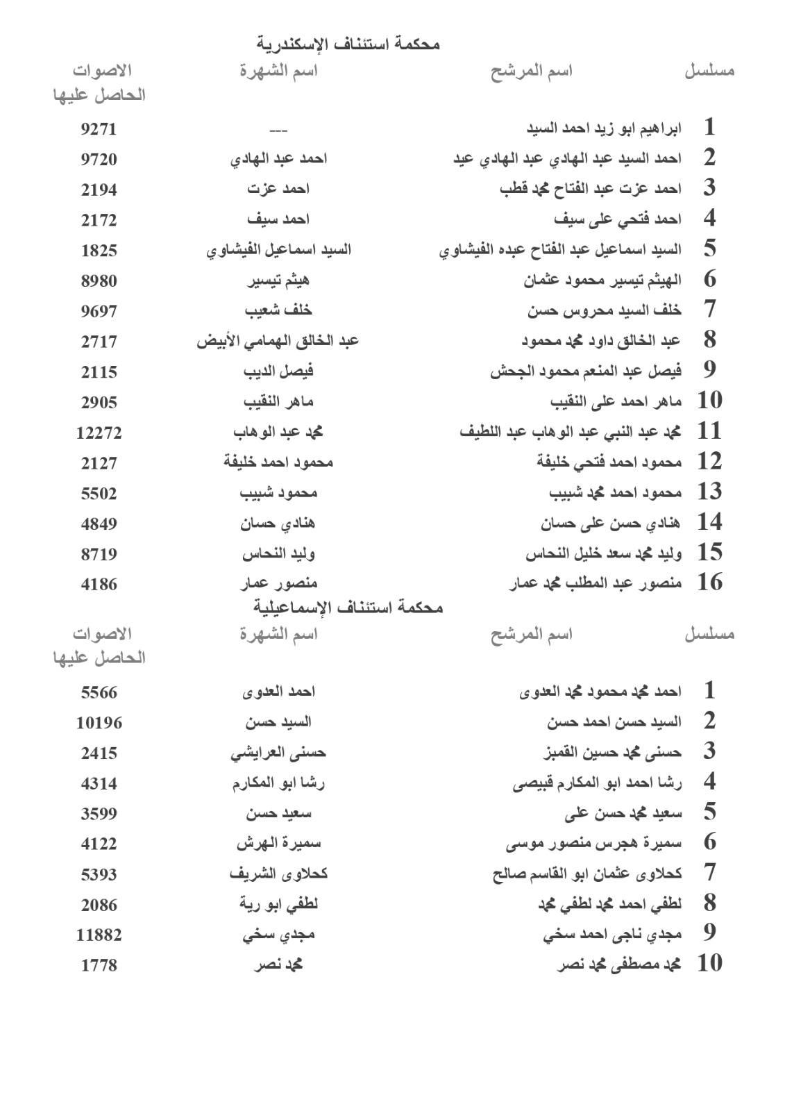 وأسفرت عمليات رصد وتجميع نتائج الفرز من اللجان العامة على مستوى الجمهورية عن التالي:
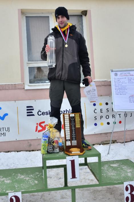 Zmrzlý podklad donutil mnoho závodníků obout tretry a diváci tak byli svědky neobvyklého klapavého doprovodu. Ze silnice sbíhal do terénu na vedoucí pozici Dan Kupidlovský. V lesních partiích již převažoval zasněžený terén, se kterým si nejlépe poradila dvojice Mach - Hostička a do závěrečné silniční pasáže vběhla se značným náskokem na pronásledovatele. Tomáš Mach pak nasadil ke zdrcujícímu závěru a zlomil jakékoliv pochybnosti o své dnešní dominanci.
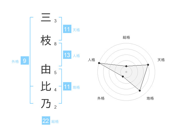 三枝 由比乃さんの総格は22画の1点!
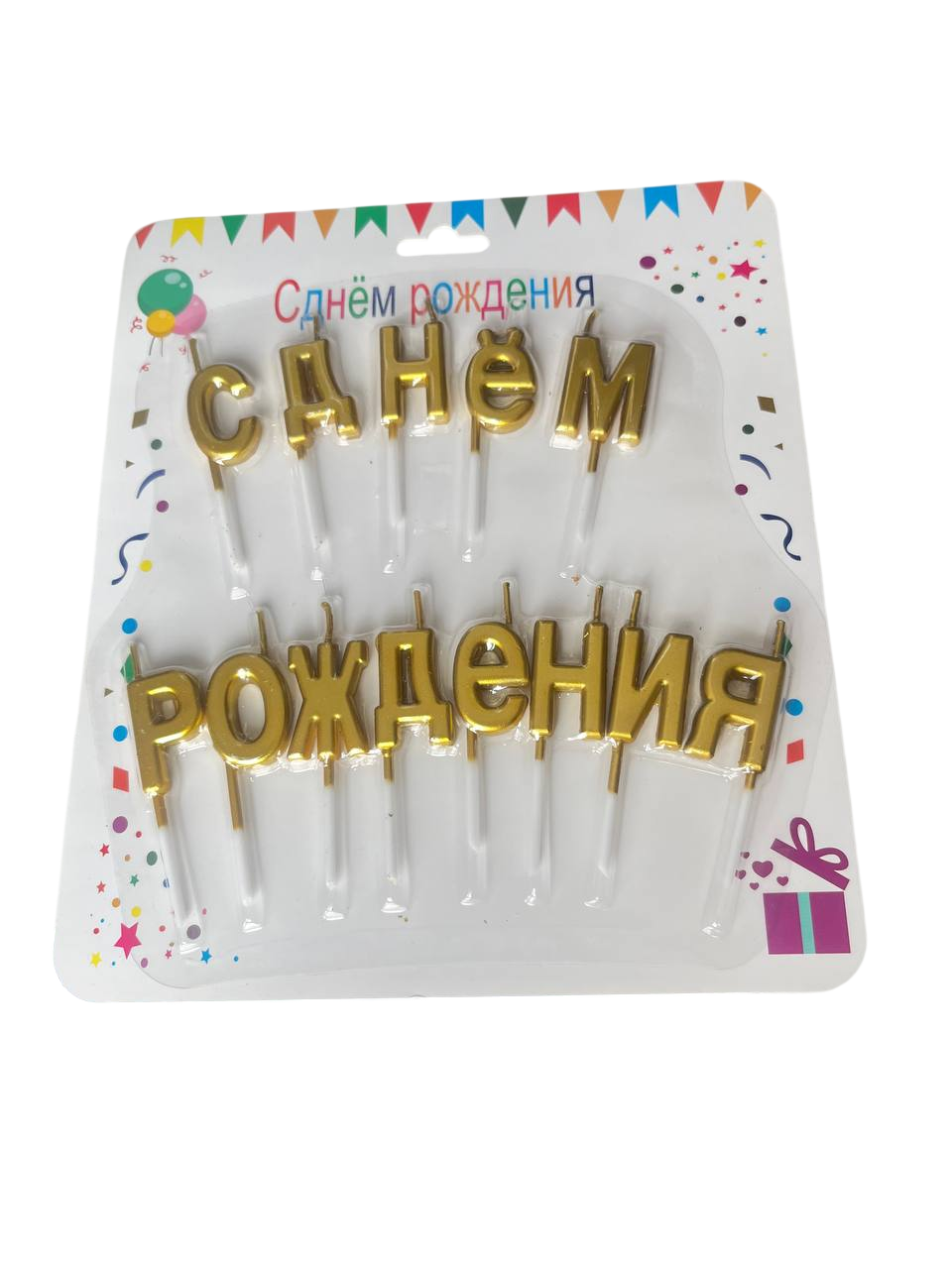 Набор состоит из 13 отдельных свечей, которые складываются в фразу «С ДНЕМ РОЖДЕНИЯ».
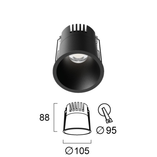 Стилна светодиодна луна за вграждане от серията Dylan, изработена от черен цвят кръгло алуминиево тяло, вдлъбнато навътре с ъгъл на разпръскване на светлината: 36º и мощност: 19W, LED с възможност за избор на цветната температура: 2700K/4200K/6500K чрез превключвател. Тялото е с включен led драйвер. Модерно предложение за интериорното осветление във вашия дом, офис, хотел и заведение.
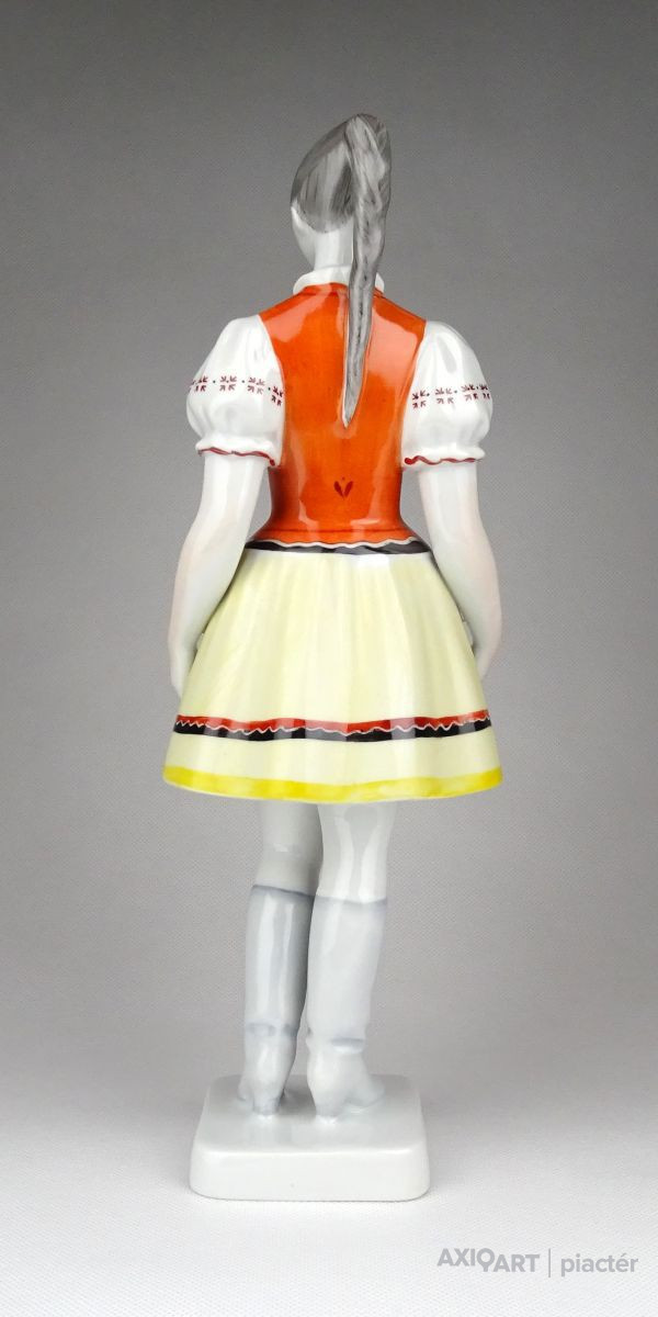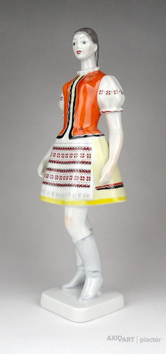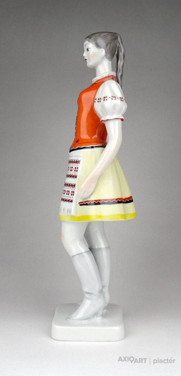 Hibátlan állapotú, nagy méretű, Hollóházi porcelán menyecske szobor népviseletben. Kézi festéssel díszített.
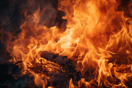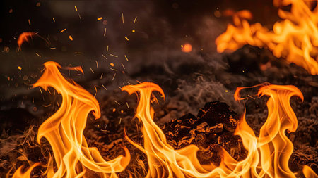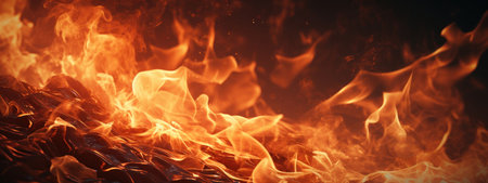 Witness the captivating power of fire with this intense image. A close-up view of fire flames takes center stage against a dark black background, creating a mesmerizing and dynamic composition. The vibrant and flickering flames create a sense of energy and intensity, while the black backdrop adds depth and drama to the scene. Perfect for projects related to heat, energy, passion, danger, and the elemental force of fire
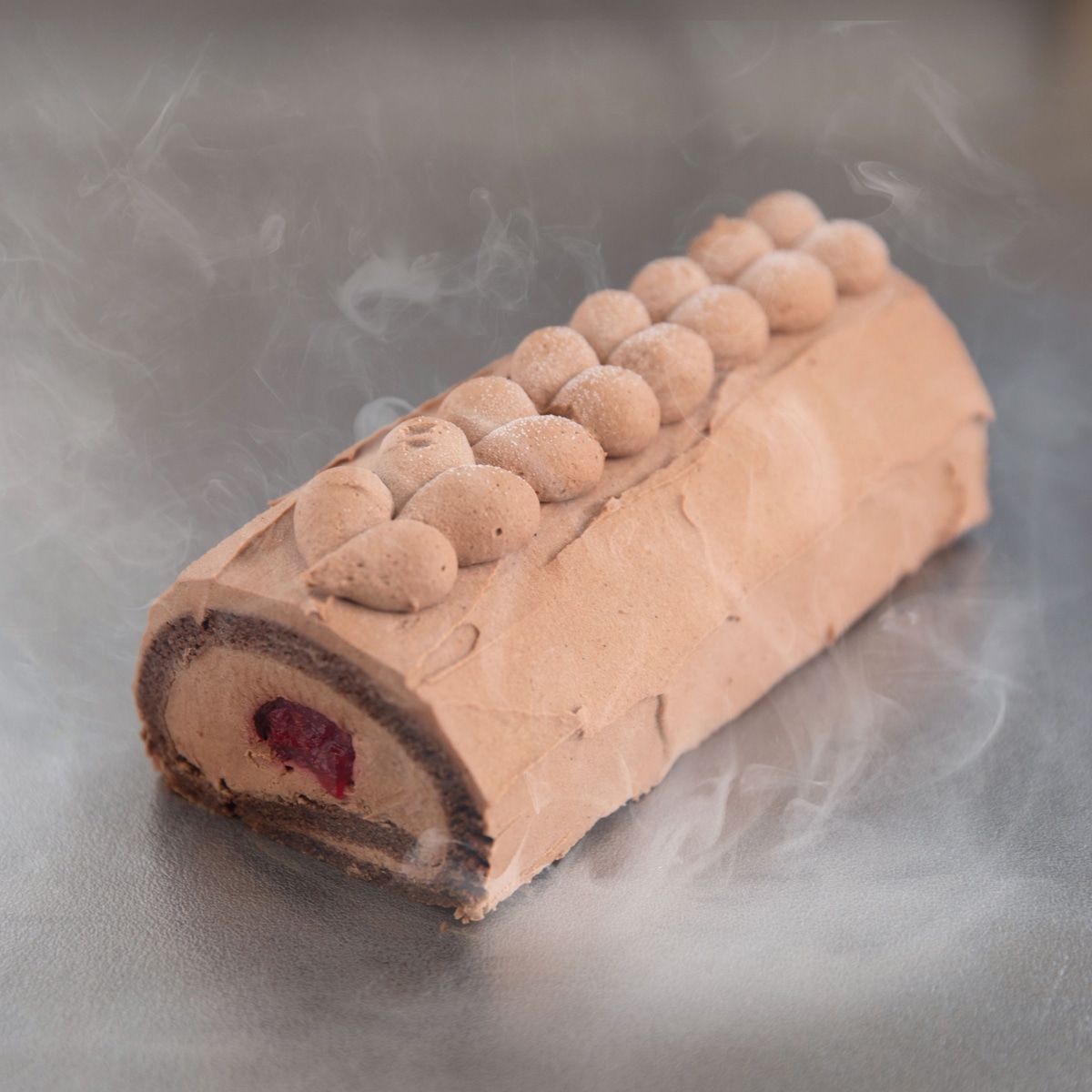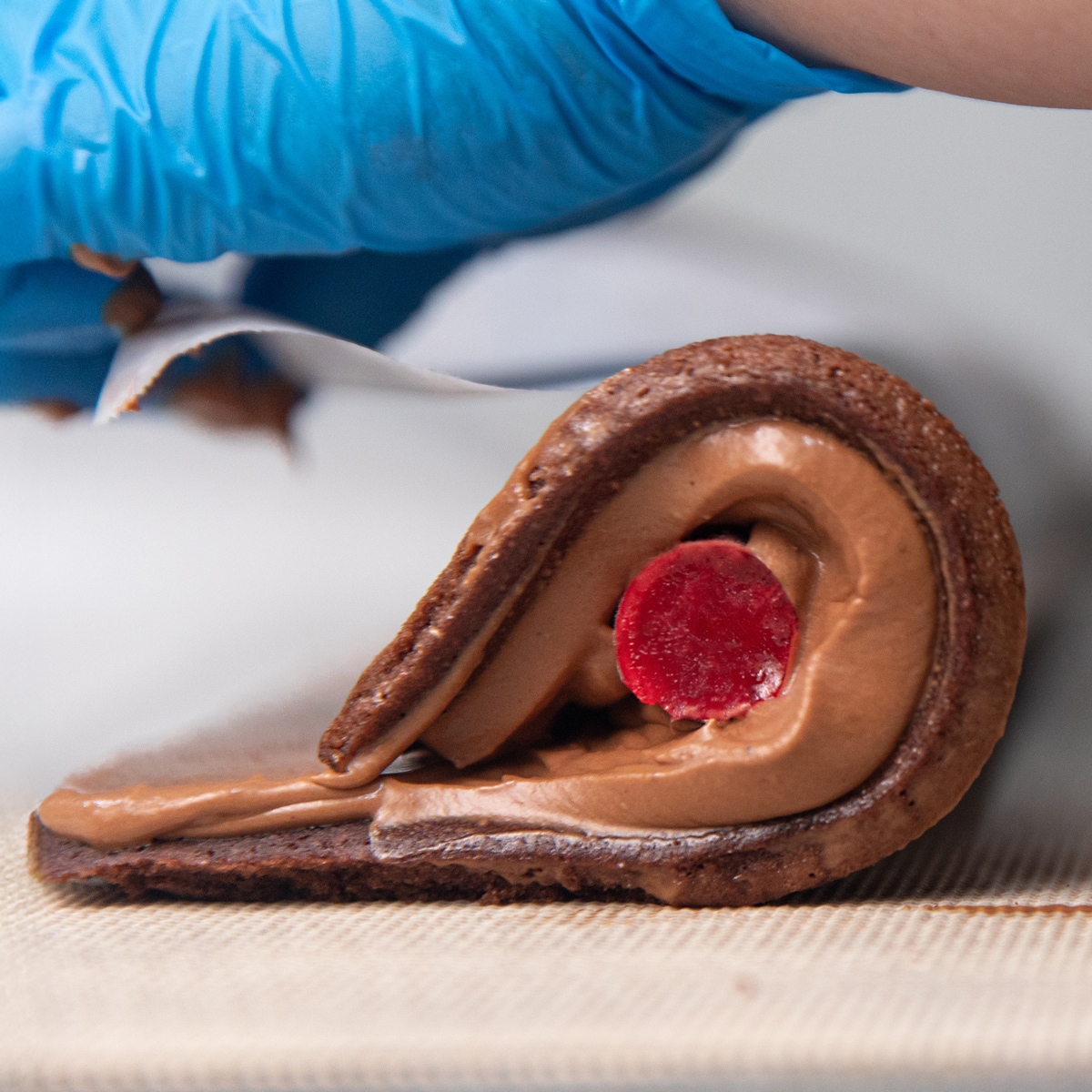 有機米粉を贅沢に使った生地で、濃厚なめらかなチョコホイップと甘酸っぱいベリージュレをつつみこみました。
:::::
**Problem to work on**
An exact transcript is required, covering the lines from the one containing "Witness the captivating" through the end of the listing above, inclusive, without pictures.

**Task answer**
 Witness the captivating power of fire with this intense image. A close-up view of fire flames takes center stage against a dark black background, creating a mesmerizing and dynamic composition. The vibrant and flickering flames create a sense of energy and intensity, while the black backdrop adds depth and drama to the scene. Perfect for projects related to heat, energy, passion, danger, and the elemental force of fire
 有機米粉を贅沢に使った生地で、濃厚なめらかなチョコホイップと甘酸っぱいベリージュレをつつみこみました。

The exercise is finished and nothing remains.